Could you output the whole listing exactly as it stands, minus any images?

****

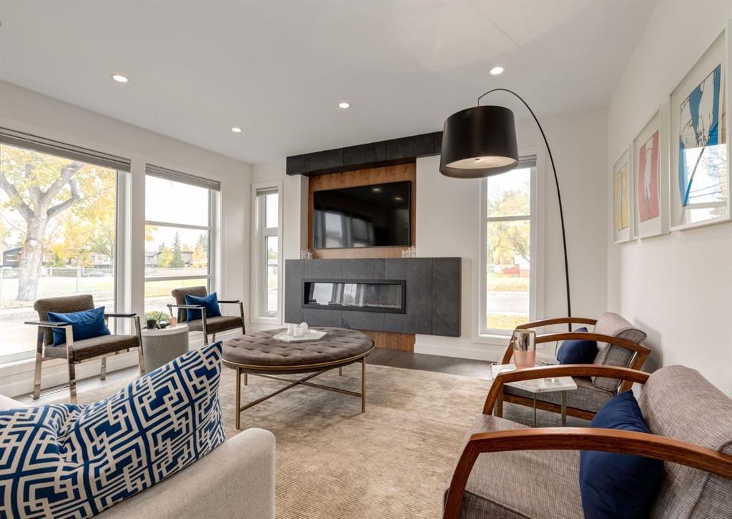 DETACHED HOME nestled on a quiet cul-de-sac in the heart of Richmond, this residence on a corner lot combines thoughtful design, a unique floor plan, and an unbeatable location. With parkside views and an abundance of natural light, this home is just steps to schools, public transit, and all the shops and restaurants of vibrant Marda Loop. The main floor is anchored by a full-width family room with custom fireplace millwork and a striking glass feature wall around the staircase. The chef’s kitchen offers a butler’s pantry, stainless steel appliances, a large gas range, quartz countertops, under-cabinet lighting, and a spacious dining room with patio doors that open onto the WEST-facing backyard. Here, a huge deck with gas lines for both BBQ and fire pit makes the perfect setting for entertaining. Upstairs, the primary retreat overlooks the green space with City skyline views. A large walk-in closet connects to the spa-inspired ensuite, complete with heated floors, dual vanities, soaker tub, curbless shower, and private water closet. Two additional bedrooms, a full guest bath, and a laundry room with sink complete this level. The fully developed lower level features a rec room with wet bar, a generous guest bedroom, sleek bathroom, and ample storage. Additional highlights include engineered hardwood flooring, ceiling speakers, built-in benches, custom millwork, air conditioning, and a fully insulated double garage with tire rack. Meticulously cared for by the original owners, this home is move-in ready. Floor plans and a 3D tour are readily available, providing a glimpse into this stylish home!
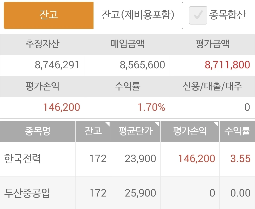 사진 1. 현물주식. 오홋. 500 투자해서 870이면 오케이~ 하하
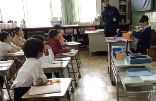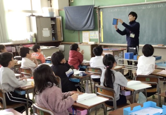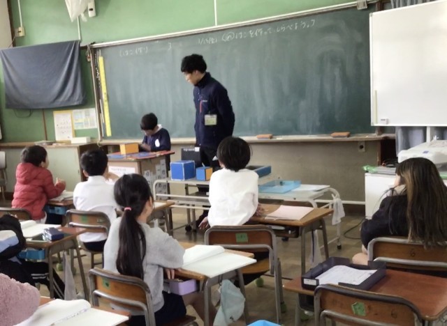 2年生は算数の時間、「はこのかたち」の学習をしていました。1枚の板がいくつか組み合わさって箱ができることを、みんなで確かめていました。
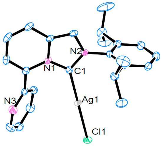 Synthesized ligand precursors were converted to silver (Ag) complexes that could serve useful transmetallating agents for Ni complexes (Scheme 1). Ag(I) complexes (5, 6a–6e, 11) were prepared from the imidazopyridinium salts (3, 4a–4e, 10) by reaction with Ag(I) oxide in good yields (81%–96%) (Scheme 1). After the disappearance of peaks related to the acidic imidazopyridinium proton of 3, 4a–4e, and 10 were confirmed in 1H NMR, Ag complexes were purified by washing with hexane or recrystallization from CH2Cl2 and hexanes. The molecular structure of an Ag complex 5 was characterized by X-ray crystallography (Figure 2). A single crystal for X-ray diffraction was prepared by slow recrystallization from dichloromethane layered with hexane. The crystal structure exhibited a mononuclear Ag(I) complex with a linear geometry, which is attributed to the unique steric effect at C(5) on the ImPy. Similar structural features were observed in other previously reported Ag(I) chloride complexes with ImPy [98].
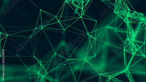Big data visualization. Abstract background with connecting dots and lines. 3D rendering. High resolution.
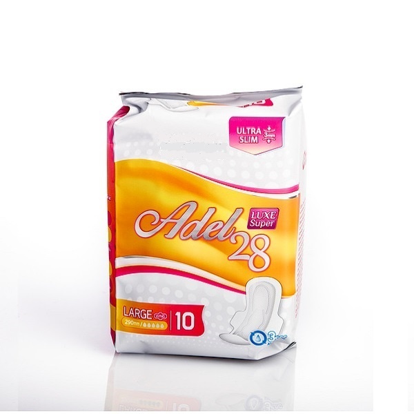 - Women‘s sanitary napkins ADEL 28 Large «5 капель» созданы для менструаций с высокой обильностью.
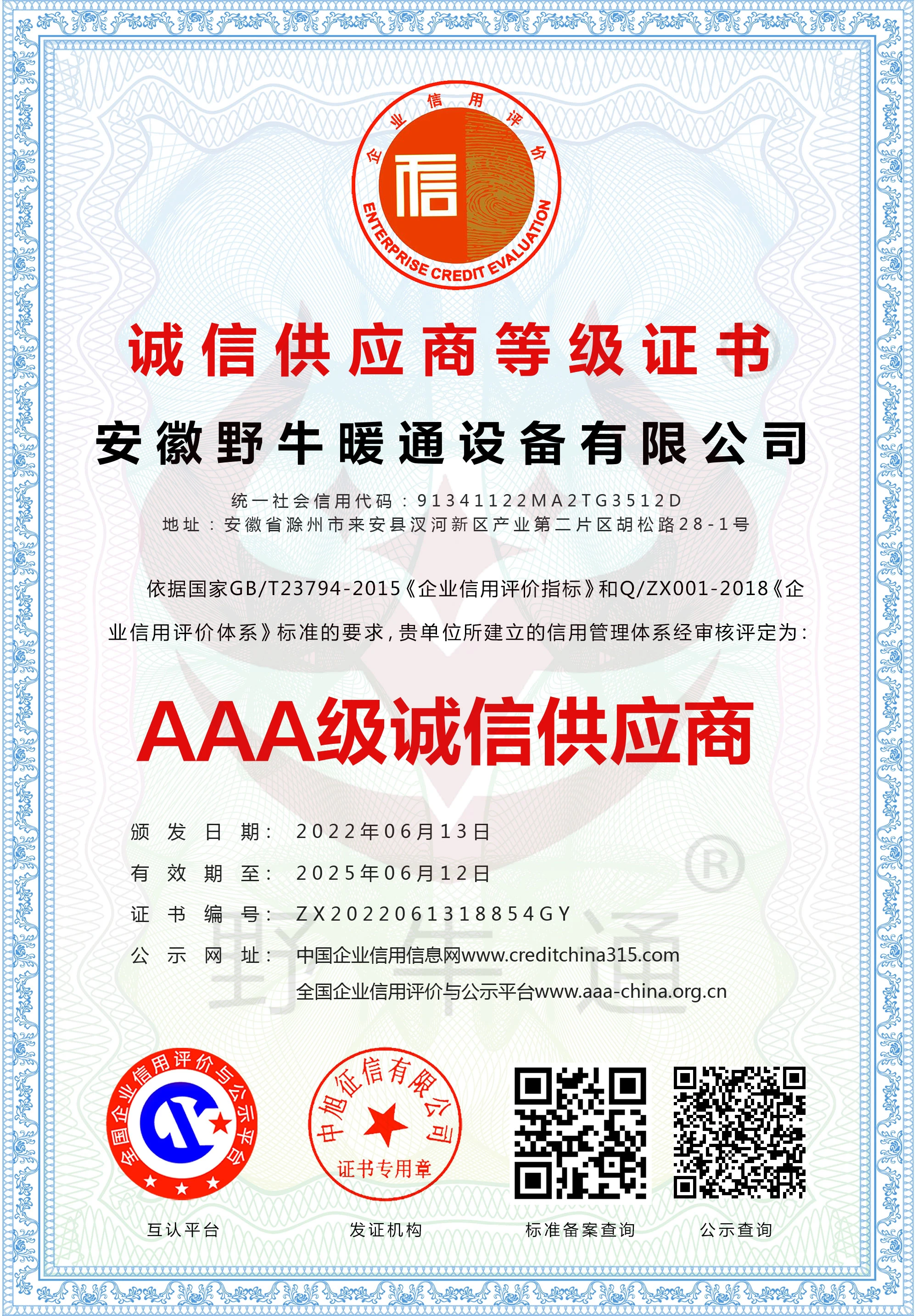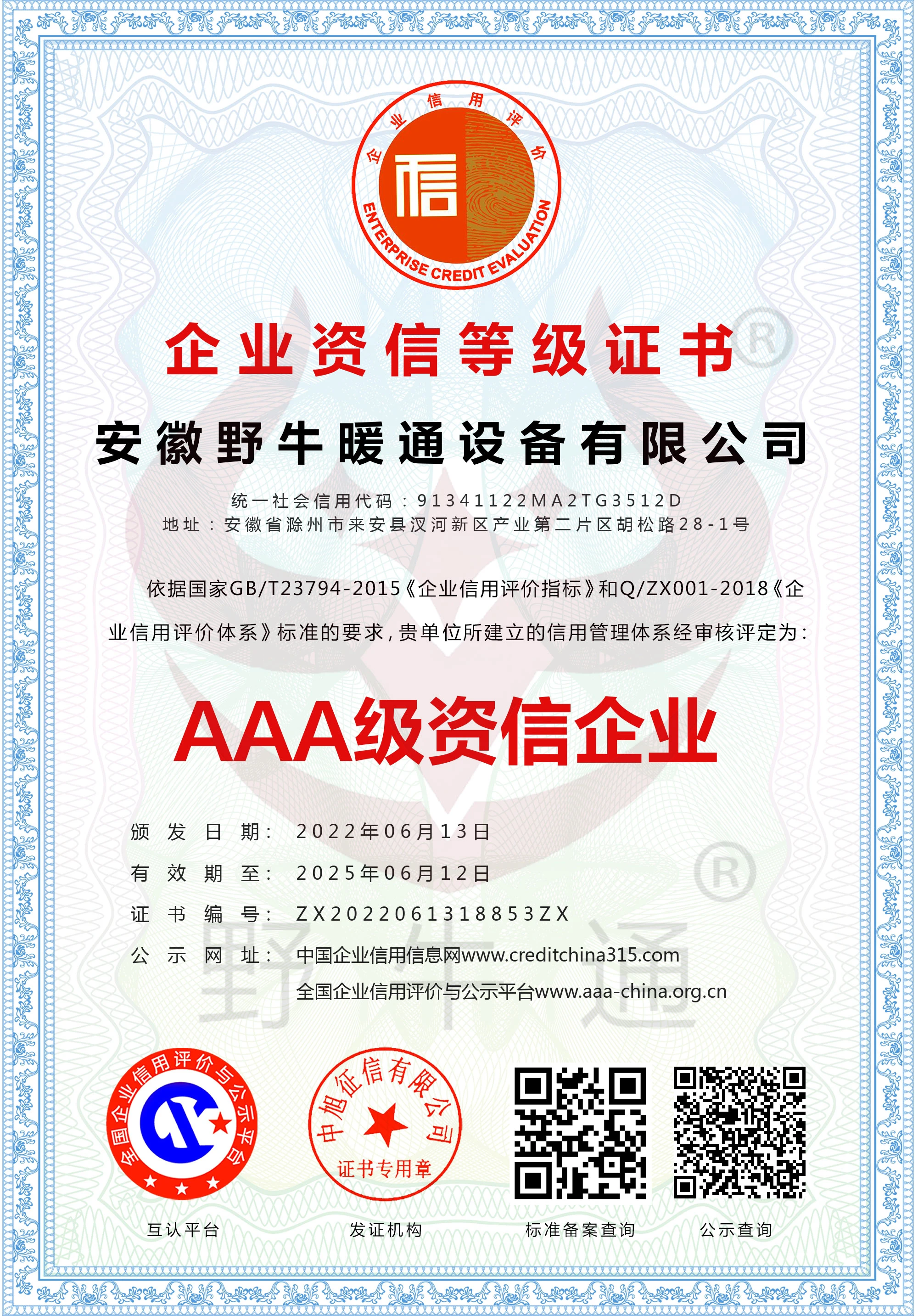 企业资信等级证书
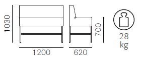 - Rozmery: 1200 × 620 × 1030 mm

****

● **RESULT**:
 DETACHED HOME nestled on a quiet cul-de-sac in the heart of Richmond, this residence on a corner lot combines thoughtful design, a unique floor plan, and an unbeatable location. With parkside views and an abundance of natural light, this home is just steps to schools, public transit, and all the shops and restaurants of vibrant Marda Loop. The main floor is anchored by a full-width family room with custom fireplace millwork and a striking glass feature wall around the staircase. The chef’s kitchen offers a butler’s pantry, stainless steel appliances, a large gas range, quartz countertops, under-cabinet lighting, and a spacious dining room with patio doors that open onto the WEST-facing backyard. Here, a huge deck with gas lines for both BBQ and fire pit makes the perfect setting for entertaining. Upstairs, the primary retreat overlooks the green space with City skyline views. A large walk-in closet connects to the spa-inspired ensuite, complete with heated floors, dual vanities, soaker tub, curbless shower, and private water closet. Two additional bedrooms, a full guest bath, and a laundry room with sink complete this level. The fully developed lower level features a rec room with wet bar, a generous guest bedroom, sleek bathroom, and ample storage. Additional highlights include engineered hardwood flooring, ceiling speakers, built-in benches, custom millwork, air conditioning, and a fully insulated double garage with tire rack. Meticulously cared for by the original owners, this home is move-in ready. Floor plans and a 3D tour are readily available, providing a glimpse into this stylish home!
 사진 1. 현물주식. 오홋. 500 투자해서 870이면 오케이~ 하하
 2年生は算数の時間、「はこのかたち」の学習をしていました。1枚の板がいくつか組み合わさって箱ができることを、みんなで確かめていました。
 Synthesized ligand precursors were converted to silver (Ag) complexes that could serve useful transmetallating agents for Ni complexes (Scheme 1). Ag(I) complexes (5, 6a–6e, 11) were prepared from the imidazopyridinium salts (3, 4a–4e, 10) by reaction with Ag(I) oxide in good yields (81%–96%) (Scheme 1). After the disappearance of peaks related to the acidic imidazopyridinium proton of 3, 4a–4e, and 10 were confirmed in 1H NMR, Ag complexes were purified by washing with hexane or recrystallization from CH2Cl2 and hexanes. The molecular structure of an Ag complex 5 was characterized by X-ray crystallography (Figure 2). A single crystal for X-ray diffraction was prepared by slow recrystallization from dichloromethane layered with hexane. The crystal structure exhibited a mononuclear Ag(I) complex with a linear geometry, which is attributed to the unique steric effect at C(5) on the ImPy. Similar structural features were observed in other previously reported Ag(I) chloride complexes with ImPy [98].
Big data visualization. Abstract background with connecting dots and lines. 3D rendering. High resolution.
 - Women‘s sanitary napkins ADEL 28 Large «5 капель» созданы для менструаций с высокой обильностью.
 企业资信等级证书
 - Rozmery: 1200 × 620 × 1030 mm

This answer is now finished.